• [The problem] Copy each line below exactly as it appears. Pictures are to be omitted.
### Extracted entries ###
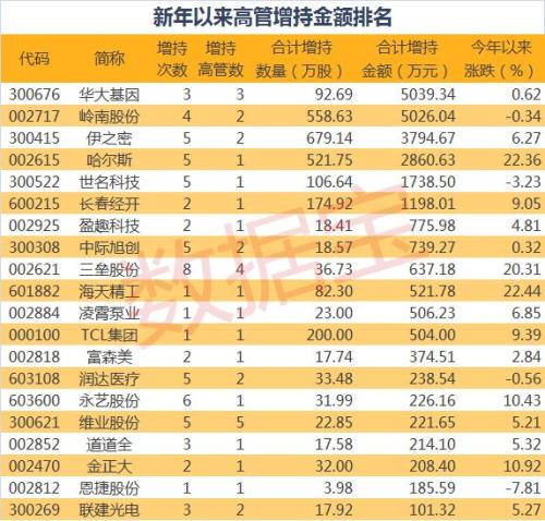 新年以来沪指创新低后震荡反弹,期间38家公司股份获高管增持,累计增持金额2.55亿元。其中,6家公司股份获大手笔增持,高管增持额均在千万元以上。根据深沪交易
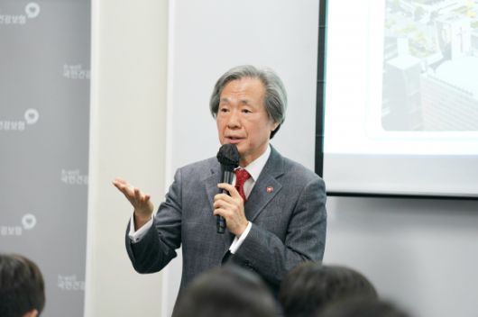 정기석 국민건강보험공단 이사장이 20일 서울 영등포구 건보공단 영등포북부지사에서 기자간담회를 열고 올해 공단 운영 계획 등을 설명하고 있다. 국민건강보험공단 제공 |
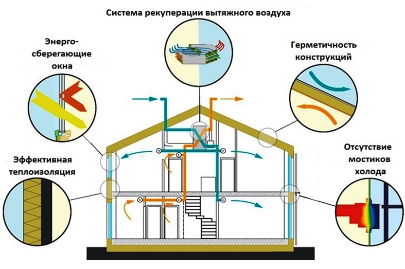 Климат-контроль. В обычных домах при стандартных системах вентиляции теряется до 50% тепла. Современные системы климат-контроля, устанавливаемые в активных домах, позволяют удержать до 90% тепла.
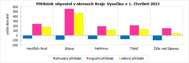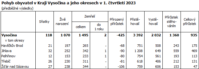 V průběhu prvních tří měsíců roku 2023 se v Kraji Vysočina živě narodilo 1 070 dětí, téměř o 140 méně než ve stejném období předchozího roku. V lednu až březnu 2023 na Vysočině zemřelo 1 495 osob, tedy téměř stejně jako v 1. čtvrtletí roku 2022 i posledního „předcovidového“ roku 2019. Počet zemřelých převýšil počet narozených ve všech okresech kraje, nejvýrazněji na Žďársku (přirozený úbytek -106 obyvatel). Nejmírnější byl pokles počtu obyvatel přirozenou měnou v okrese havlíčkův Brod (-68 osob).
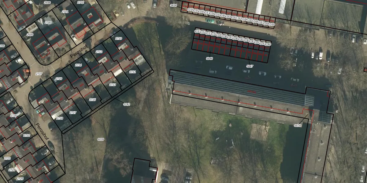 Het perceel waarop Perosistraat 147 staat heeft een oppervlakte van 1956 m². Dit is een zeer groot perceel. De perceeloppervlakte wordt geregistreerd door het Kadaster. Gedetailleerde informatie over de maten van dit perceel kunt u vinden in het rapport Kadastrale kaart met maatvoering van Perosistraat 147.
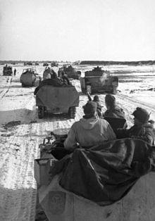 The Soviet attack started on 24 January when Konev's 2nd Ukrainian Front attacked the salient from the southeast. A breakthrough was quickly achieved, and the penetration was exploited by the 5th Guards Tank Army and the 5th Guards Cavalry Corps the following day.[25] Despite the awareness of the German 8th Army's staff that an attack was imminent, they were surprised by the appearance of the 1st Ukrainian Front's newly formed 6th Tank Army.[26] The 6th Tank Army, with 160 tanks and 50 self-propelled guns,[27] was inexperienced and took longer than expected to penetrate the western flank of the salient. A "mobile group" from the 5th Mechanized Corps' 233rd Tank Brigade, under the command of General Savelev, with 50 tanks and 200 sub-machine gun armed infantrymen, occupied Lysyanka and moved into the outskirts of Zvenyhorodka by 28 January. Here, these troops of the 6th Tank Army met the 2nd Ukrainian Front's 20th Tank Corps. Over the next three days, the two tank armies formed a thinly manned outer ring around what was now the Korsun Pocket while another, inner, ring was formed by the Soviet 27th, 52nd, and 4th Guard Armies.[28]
###
• [Result of the task]
 新年以来沪指创新低后震荡反弹,期间38家公司股份获高管增持,累计增持金额2.55亿元。其中,6家公司股份获大手笔增持,高管增持额均在千万元以上。根据深沪交易
 정기석 국민건강보험공단 이사장이 20일 서울 영등포구 건보공단 영등포북부지사에서 기자간담회를 열고 올해 공단 운영 계획 등을 설명하고 있다. 국민건강보험공단 제공 |
 Климат-контроль. В обычных домах при стандартных системах вентиляции теряется до 50% тепла. Современные системы климат-контроля, устанавливаемые в активных домах, позволяют удержать до 90% тепла.
 V průběhu prvních tří měsíců roku 2023 se v Kraji Vysočina živě narodilo 1 070 dětí, téměř o 140 méně než ve stejném období předchozího roku. V lednu až březnu 2023 na Vysočině zemřelo 1 495 osob, tedy téměř stejně jako v 1. čtvrtletí roku 2022 i posledního „předcovidového“ roku 2019. Počet zemřelých převýšil počet narozených ve všech okresech kraje, nejvýrazněji na Žďársku (přirozený úbytek -106 obyvatel). Nejmírnější byl pokles počtu obyvatel přirozenou měnou v okrese havlíčkův Brod (-68 osob).
 Het perceel waarop Perosistraat 147 staat heeft een oppervlakte van 1956 m². Dit is een zeer groot perceel. De perceeloppervlakte wordt geregistreerd door het Kadaster. Gedetailleerde informatie over de maten van dit perceel kunt u vinden in het rapport Kadastrale kaart met maatvoering van Perosistraat 147.
 The Soviet attack started on 24 January when Konev's 2nd Ukrainian Front attacked the salient from the southeast. A breakthrough was quickly achieved, and the penetration was exploited by the 5th Guards Tank Army and the 5th Guards Cavalry Corps the following day.[25] Despite the awareness of the German 8th Army's staff that an attack was imminent, they were surprised by the appearance of the 1st Ukrainian Front's newly formed 6th Tank Army.[26] The 6th Tank Army, with 160 tanks and 50 self-propelled guns,[27] was inexperienced and took longer than expected to penetrate the western flank of the salient. A "mobile group" from the 5th Mechanized Corps' 233rd Tank Brigade, under the command of General Savelev, with 50 tanks and 200 sub-machine gun armed infantrymen, occupied Lysyanka and moved into the outskirts of Zvenyhorodka by 28 January. Here, these troops of the 6th Tank Army met the 2nd Ukrainian Front's 20th Tank Corps. Over the next three days, the two tank armies formed a thinly manned outer ring around what was now the Korsun Pocket while another, inner, ring was formed by the Soviet 27th, 52nd, and 4th Guard Armies.[28]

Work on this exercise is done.